What Is Security Awareness Training?
A security awareness training program is a type of eLearning software designed to help users to identify and correctly respond to security risks in the workplace. SAT often covers a wide range of topics, including data protection and cybersecurity, but most place a large focus on email threats such as phishing.
To help users understand these threats, a security awareness program offers training content in a variety of mediums, such as videos, articles, and graphic posters. This ensures that all users can connect with the training content, no matter their preferred learning style. Some programs also include quizzes, introducing an element of gamification to help boost learner engagement. This training teaches users how to identify phishing emails, and how they should respond should they receive one.
But when it comes to changing user behavior, learning theory can only get you so far; it’s also important that users are able to practice their newly-learned skills in a safe environment. Combining theory with practice encourages learners to engage both sides of their brain, which allows it to build stronger connections between pieces of information, making it easier to retain.
To address this, the strongest phishing training solutions offer phishing simulations alongside training content. These simulations involve security teams sending fake “phishing” emails to their users, to see how they respond to them.
According to Theo Zafirakos, CISO at Terranova Security, the combination of content-based training and simulations “gives the users the knowledge they need, but also the opportunity to practice their skills.”
How Do Simulations Help Stop Phishing Attacks?
Phishing simulations (sometimes called “phishing tests”) are campaigns in which security teams send imitation “phishing” emails to their users to monitor how they respond to phishing attacks in a real-world environment. Not only do phishing campaigns enable employees to test the knowledge and skills they’ve learned during their security awareness training program, but they also enable security teams to monitor which users or user groups need further training in certain areas and assign that training as needed.
In an interview with Expert Insights, Tyler Schultz, Product Marketing Manager at Infosec, describes phishing simulations as “the perfect test.”
“Reporting suspicious emails proves employees are recognizing both simulated phishing emails and real phishing attacks,” he explains, “but it also goes one step further by supplying the security team with threat intelligence that can help them mitigate active attacks.”
The most effective simulated phishing campaigns enable security teams to create their own phishing or spear phishing emails based on phishing templates provided by their SAT provider, or on real phishing emails that their organization has received. This allows them to tailor the attacks to the specific threats that their users are likely to face. Some programs also allow security teams to send SMiShing text messages, to monitor how their users are likely to respond to malicious texts.
When a user receives a simulated phishing email, they should respond by reporting it to their security team, either by contacting them directly or via a “Report Phishing” plugin that sits within their email client. If, however, they interact with the email—by clicking on a malicious link or downloading an attachment—they’re directed to a landing page that explains why they failed the simulation, and what signs they can look out for to identify the threat next time.
But using phishing simulations to train your users to identify phishing attempts doesn’t just test their learning; it also encourages them to report real phishing emails that land in their inboxes. After all, a user won’t know if a threat is simulated or genuine—they’ll have been trained to report it either way.
The Pros Of Phishing Simulations
Prevent Data Breaches
Delivered as part of an overarching security awareness training program, simulated phishing campaigns teach employees to identify suspicious messages, raising their awareness of phishing threats so they’re far less likely to click on a malicious attachment or URL should a real threat find its way into their inbox.
But they also encourage users to report genuine phishing emails, which enables security teams to quickly alert other users of the threat so nobody else falls victim to the same attack.
Finally, they enable security teams to identify areas of vulnerability where they can assign further training, helping them to continuously bolster their human line of defense.

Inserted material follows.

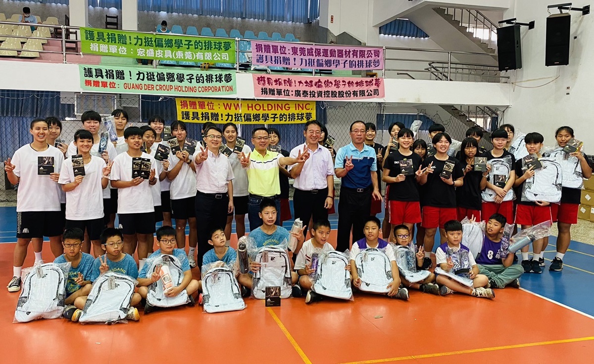 【記者蘇榮泉雲林報導】雲林縣位於偏鄉,偏遠地區的學校通常面臨著設備老舊、資源匱乏等問題,尤其是體育設施與器材的缺乏,限制了學生的運動發展。在這樣的情況下,縣議員蔡岳儒與朋友討論後,透過北港高中校友的介紹,成功引薦宏盛皮具(東莞)有限公司、東莞威保運動器材有限公司、WW HOLDING INC、GUANG DER CROUP HOLDING CORPORATION、廣泰投資控股公司等企業共同捐贈護具、水壺及背包給北辰國小、建國國中及北港高中的排球小將們,這已經是他們第四次的捐贈。

Create A Culture Of Security
In today’s hybrid-remote world of work, there can be a lot of distractions; from navigating the trials and tribulations of remote productivity, to resisting the temptations to get household chores out of the way before the weekend. Because of this, security is often pushed to the back of users’ minds.
But continuous awareness training and testing through phishing simulations ensures that users are actively engaging with the concept of security on a daily basis. This helps to cultivate a company culture where security is engrained into every employee’s regular routine.
Building security into their routines helps users to develop a security-first mindset, where they’re more likely to respond to a threat than react to it—they’ll stop and think about what to do, rather than automatically responding to an urgent invoice request, sending over a password to a shared account, or downloading a file that they weren’t expecting to receive.
Prove Return On Investment
Most phishing simulation solutions offer reporting and analytics features that show security teams how their users are responding to simulation campaigns. Admins can view data such as which users opened a phishing test, who clicked on a URL within the email body or downloaded an unknown attachment, and which users reported the simulation.
Security teams can use this information to assign targeted training to employees that need it, but they can also use it to monitor how their organization’s threat detection skills improve over time—at an individual, user group and company-wide level. This data can be incredibly useful when demonstrating to C-level executives how prevalent phishing is and how effective security awareness training is at preventing successful phishing attacks. It can also be used to encourage investment in further email security products.
Ensure Compliance And Reassure Insurers
Many federal and industry compliance standards, including PCI-DSS and GDPR, require organizations to implement security awareness training in order to become compliant. While testing isn’t always required, it’s often recommended as part of this training in order to be able to track improvement over time.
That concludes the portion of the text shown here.